(Records from a data source)
::::

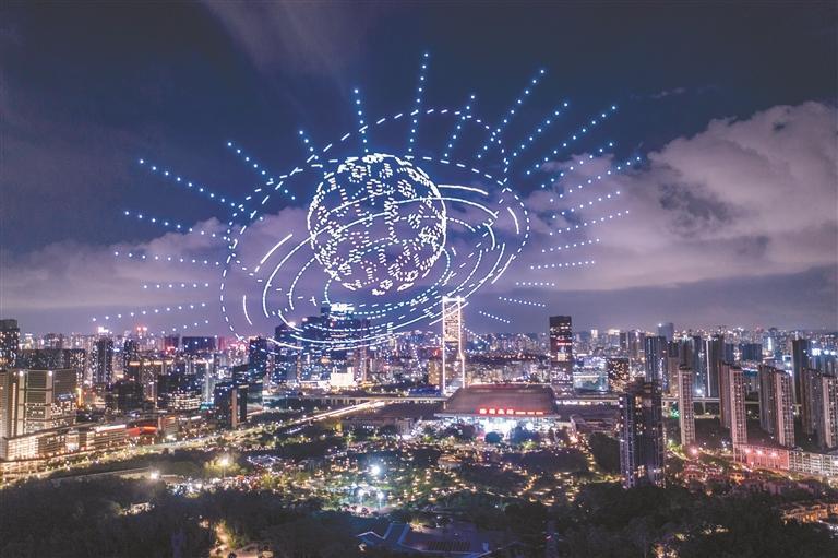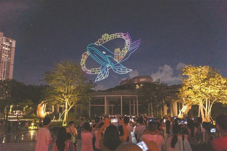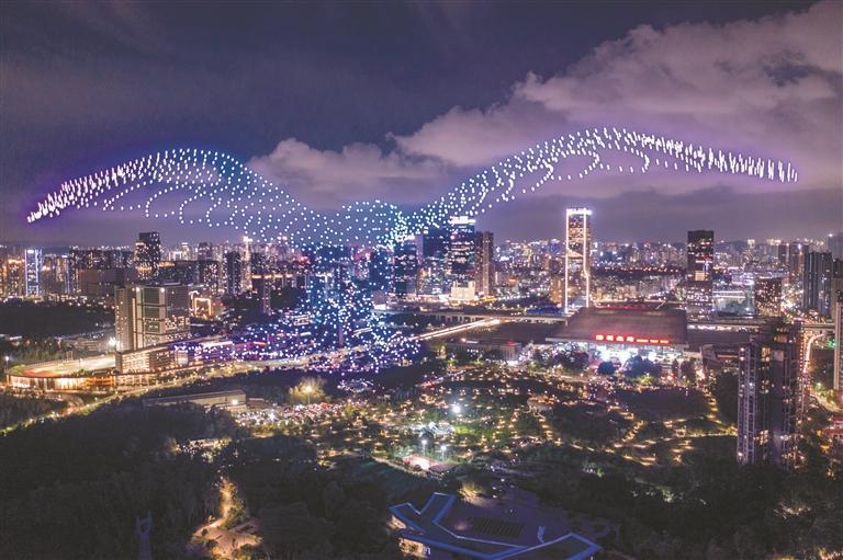 当晚,无人机方阵以“生命之源”“金色传说”“生意盎然”“奋斗未来”“星河璀璨”五个篇章共11幕画面生动展示了艺术与科技之美。
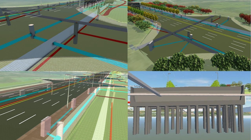 園區(qū)BIM模型的建立時(shí)間在設(shè)計(jì)評(píng)審?fù)瓿珊?、施工單位進(jìn)場(chǎng)前,通過(guò)設(shè)計(jì)、業(yè)主、施工、監(jiān)理四方最終確定三維園區(qū)模型。道路模型的建立,能夠準(zhǔn)確無(wú)誤地將路基、橋涵、通訊、電力、排水等專(zhuān)業(yè)設(shè)計(jì)信息直觀反映,基于精準(zhǔn)模型的錯(cuò)漏碰缺檢查,為業(yè)主在項(xiàng)目施工之前發(fā)現(xiàn)問(wèn)題提供了充分的依據(jù)和協(xié)助。
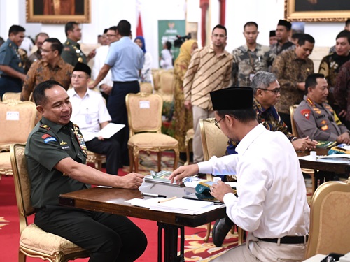 (Puspen TNI). Panglima TNI Jenderal TNI Agus Subiyanto bersama Kasad, Kasal dan Kasau mendampingi Presiden Republik Indonesia Prabowo Subianto dalam penyerahan zakat secara simbolis kepada Badan Amil Zakat Nasional (BAZNAS) di Istana Negara, Jakarta Pusat, Kamis (27/3/2025).
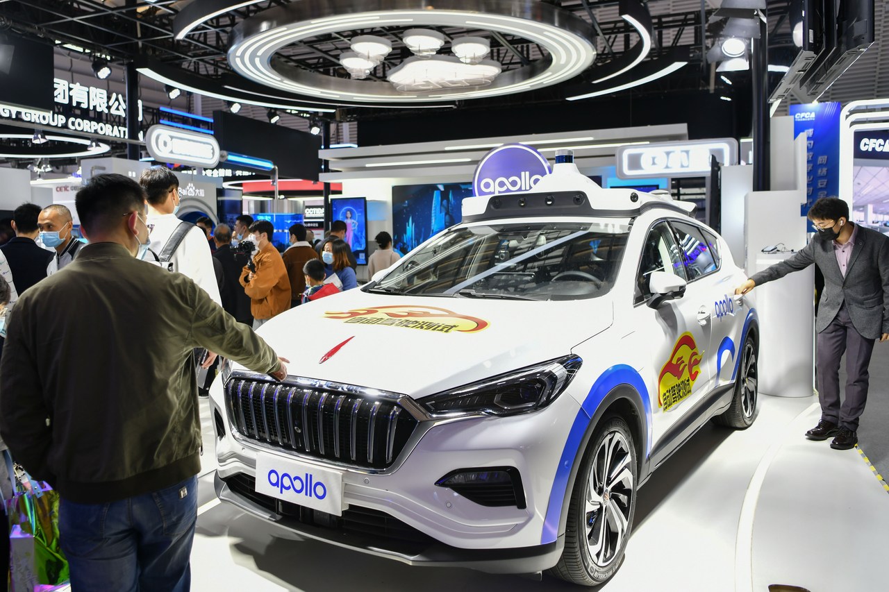 Visitors view a self-driving car during the Light of Internet Expo of the 2020 World Internet Conference (WIC) in Wuzhen, east China's Zhejiang Province, Nov. 22, 2020. (Xinhua/Li Xin)
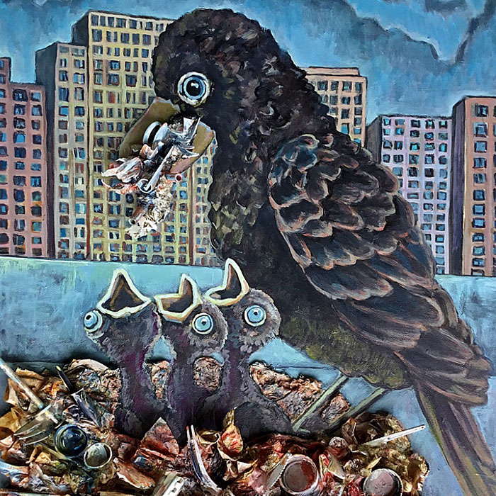 Assemblage painting made from single-use and non-recyclable plastic.
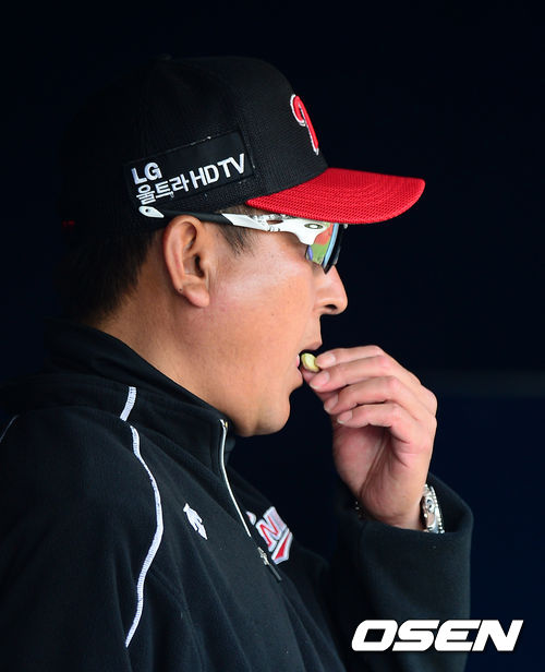 LG 김기태 감독이 피스타치오를 먹으며 경기를 지켜보고 있다.
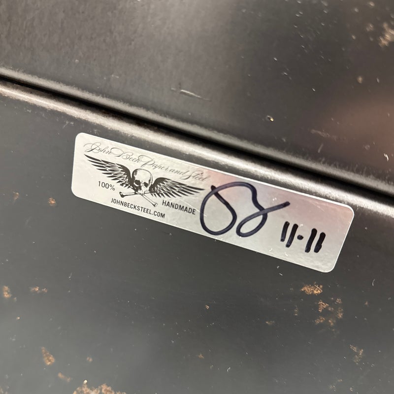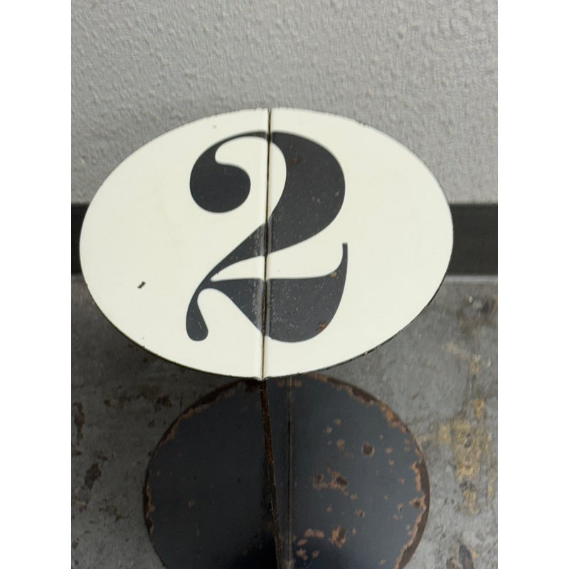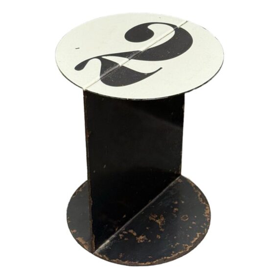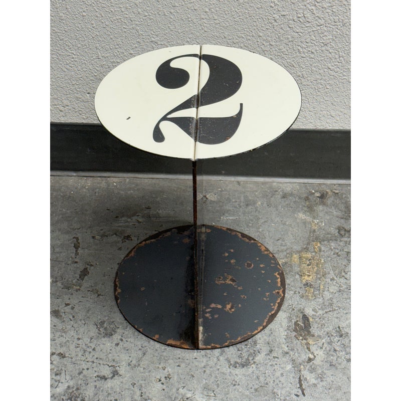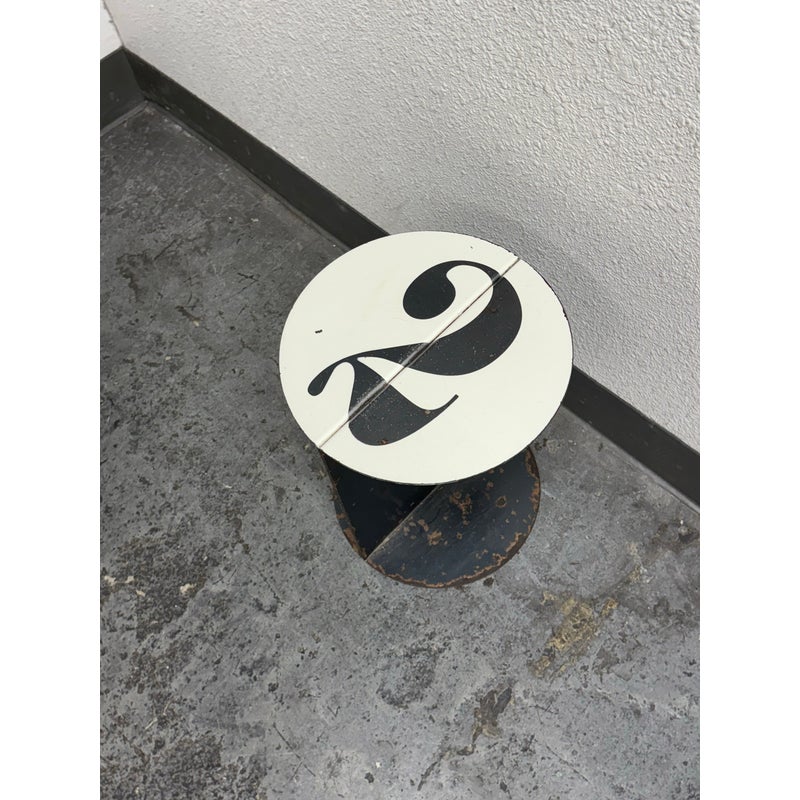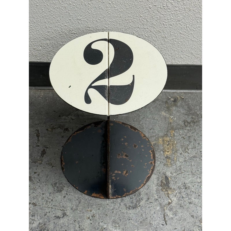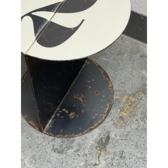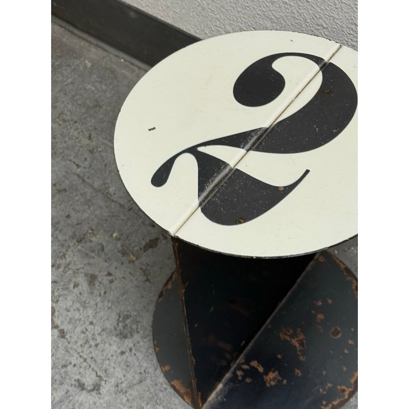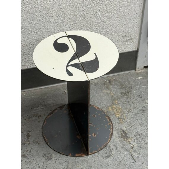 Design Plus Gallery presents the No. 2 Side Table from John Beck Steel. This masculine side table has a black base with signs of distress that is made to order. The table top has a white surface with the number 2, resembling a pool ball. The artist himself created this table with his keen eye for detail and a passion for his craft, John brings his expertise to every step of the process. From the initial concept to the final finishing touches, he pours his heart and soul into each one of his handmade creations. The table is in distressed condition that adds to its edgy appeal. Made in USA.
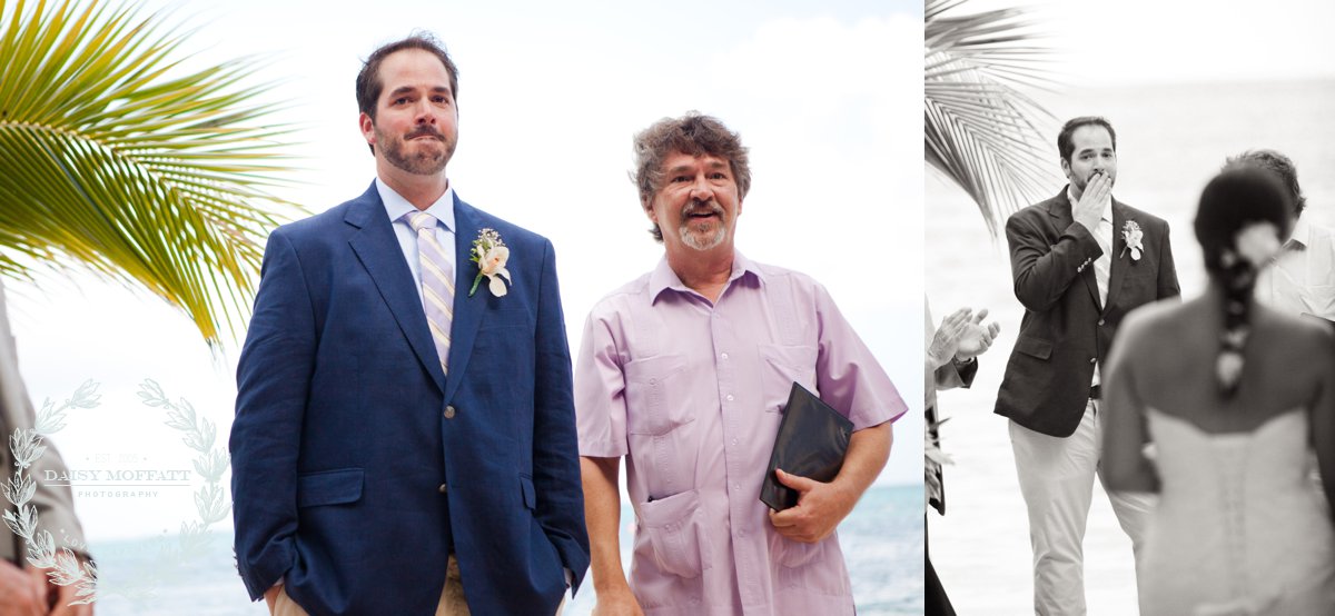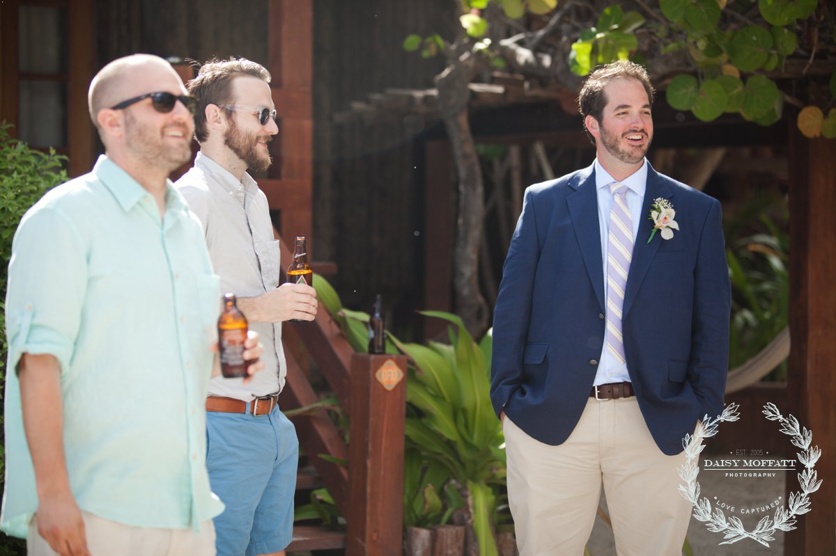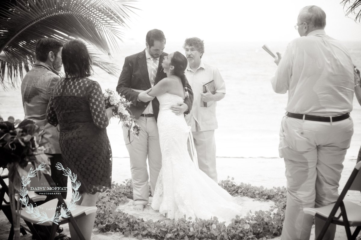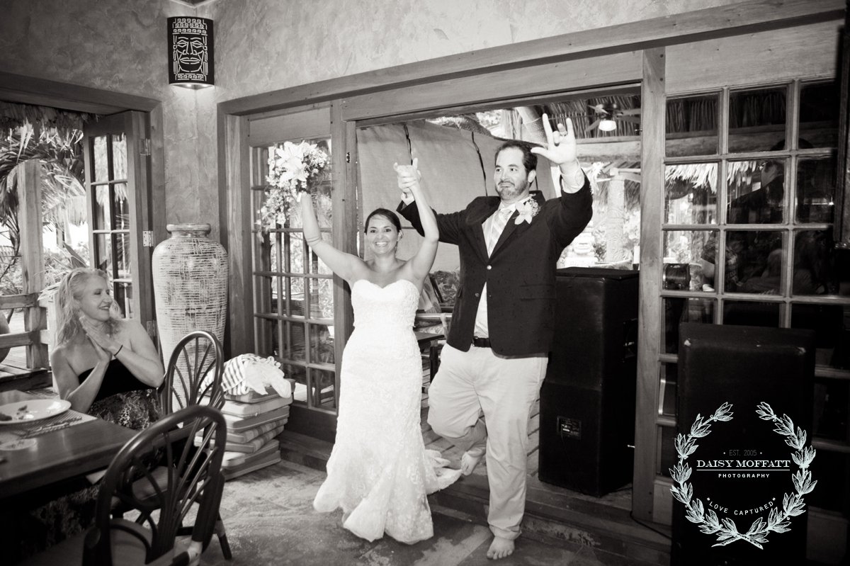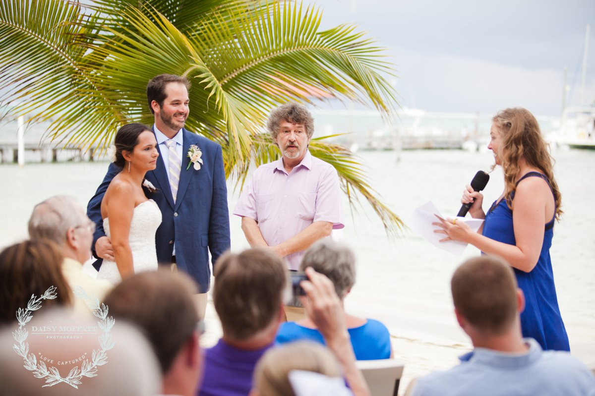 Their wedding day quickly arrived and the day was stunning! The sandy turquoise shoreline was meticulously prepared and their ceremony began as the sun set. The old belief that rain on a wedding day brings good luck means that Joel and Patterson will have the very best of luck! In true tropic fashion a rogue rainstorm snuck into the ceremony (seriously I was amazed at how fast it popped up!). As they stood at the altar Patterson simply looked around, threw her head back in laughter (see below) and they carried on–fully enjoying each moment. My heart swelled as I watched them literally and figuratively weather this little speed bump with such grace and joy. Everyone could see it was the happiest day for both and no one was too concerned about a little summer shower.
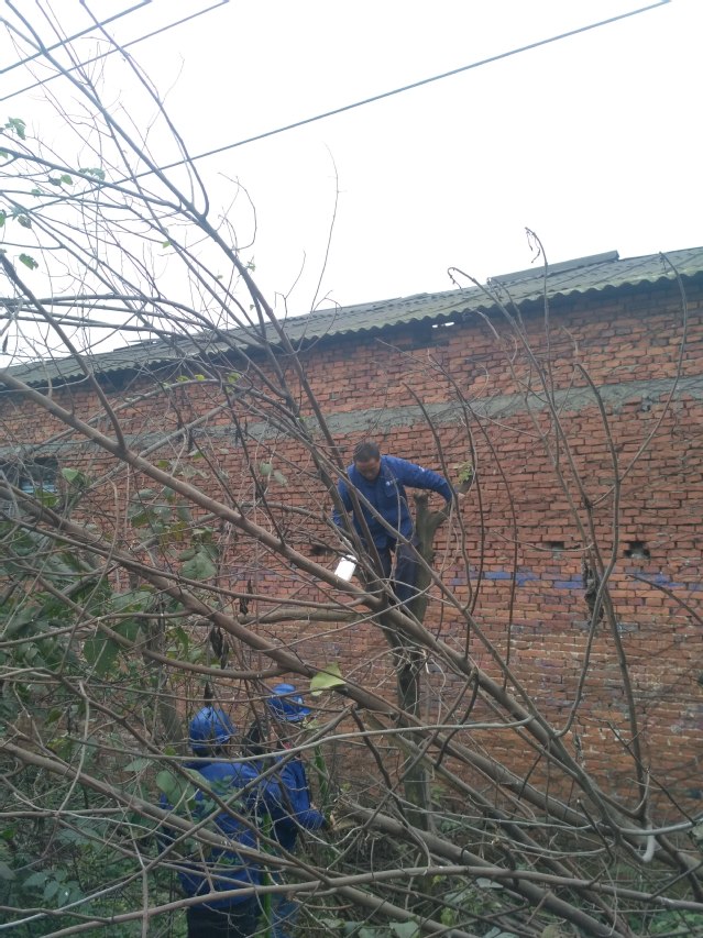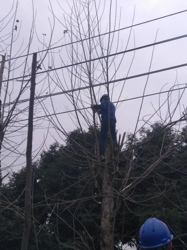 沿线的树木长势迅猛,逐渐穿过了高压线生长,已经抢夺高压线的“地盘”,若与高压线接触后造成短路,不仅给学校用电造成隐患,还可能形成供电安全事故。据维保公司工作人员介绍,按照《电力设施保护条例实施细则》的规定,高压电线与周边建筑物、树木等物体的距离必须大于安全距离。这批高压线虽然已经是绝缘线,但电力输送是不容有“万一”产生的,如果出现意外,线路上承载的学校供电将成问题。本次清理修枝工作时间紧、任务重,相关单位派出经验丰富的技术人员,登高作业,为树木“理发”。
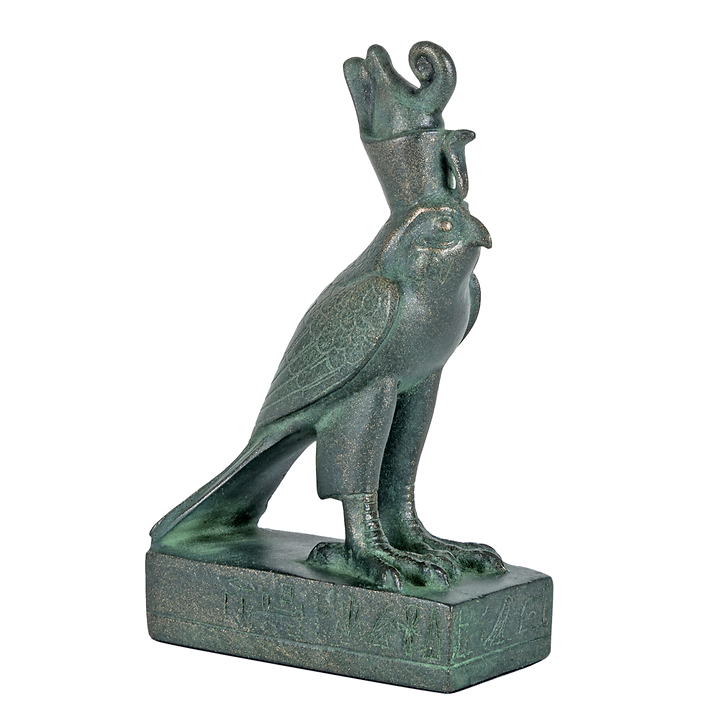 Horus est aussi figuré sous les traits d'un homme à tête de faucon. En tant que faucon, il est le grand dieu du ciel, ses yeux sont le soleil et la lune. Il est également dieu solaire sous le nom de Ré-Horakhty. Très ancien dieu d'Hierakonpolis, honoré depuis la Préhistoire, il est un dieu royal, protecteur du roi ; Pharaon est son représentant sur le trône d'Egypte (un des cinq noms qui composent la titulature royale est précisément le Nom d'Horus).
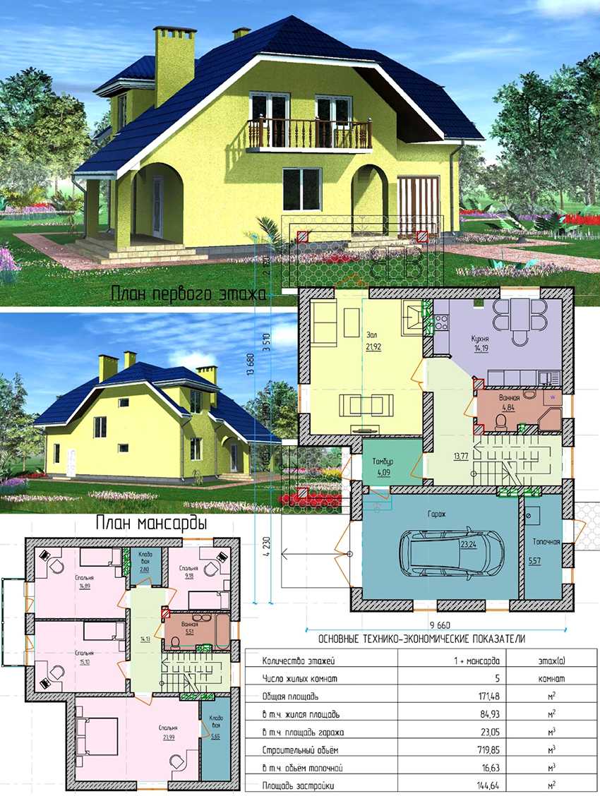 Проекты одноэтажного дома с мансардой: чертежи и фото
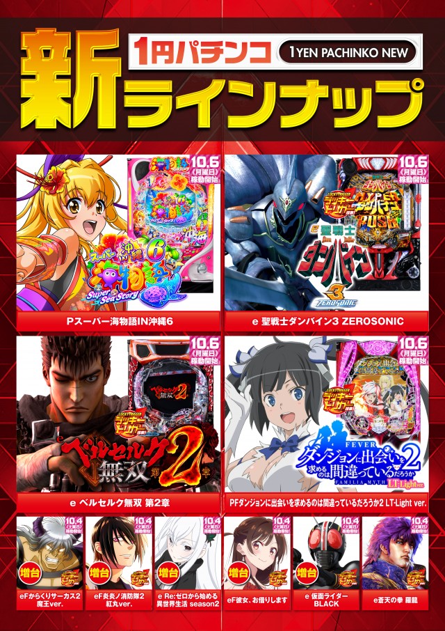 - ☆1円パチンコで最新台が打てる!設置機種数県下最大☆
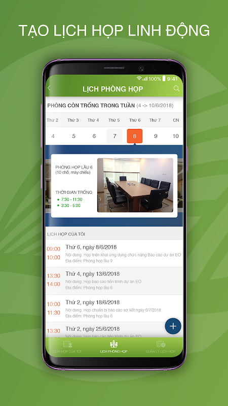 - Lịch làm việc: quản lý các công việc cá nhân, cập nhật lịch, tổng hợp lịch hằng ngày, tạo ghi chú. Tra cứu lịch làm việc của lãnh đạo và các nhân viên khác.

::::

Assignment — The reply should hold the lines from the top of the records through the line containing "園區(qū)BIM模型的建立", reproduced exactly, and no pictures.

Output of the task —
 当晚,无人机方阵以“生命之源”“金色传说”“生意盎然”“奋斗未来”“星河璀璨”五个篇章共11幕画面生动展示了艺术与科技之美。
 園區(qū)BIM模型的建立時(shí)間在設(shè)計(jì)評(píng)審?fù)瓿珊?、施工單位進(jìn)場(chǎng)前,通過(guò)設(shè)計(jì)、業(yè)主、施工、監(jiān)理四方最終確定三維園區(qū)模型。道路模型的建立,能夠準(zhǔn)確無(wú)誤地將路基、橋涵、通訊、電力、排水等專(zhuān)業(yè)設(shè)計(jì)信息直觀反映,基于精準(zhǔn)模型的錯(cuò)漏碰缺檢查,為業(yè)主在項(xiàng)目施工之前發(fā)現(xiàn)問(wèn)題提供了充分的依據(jù)和協(xié)助。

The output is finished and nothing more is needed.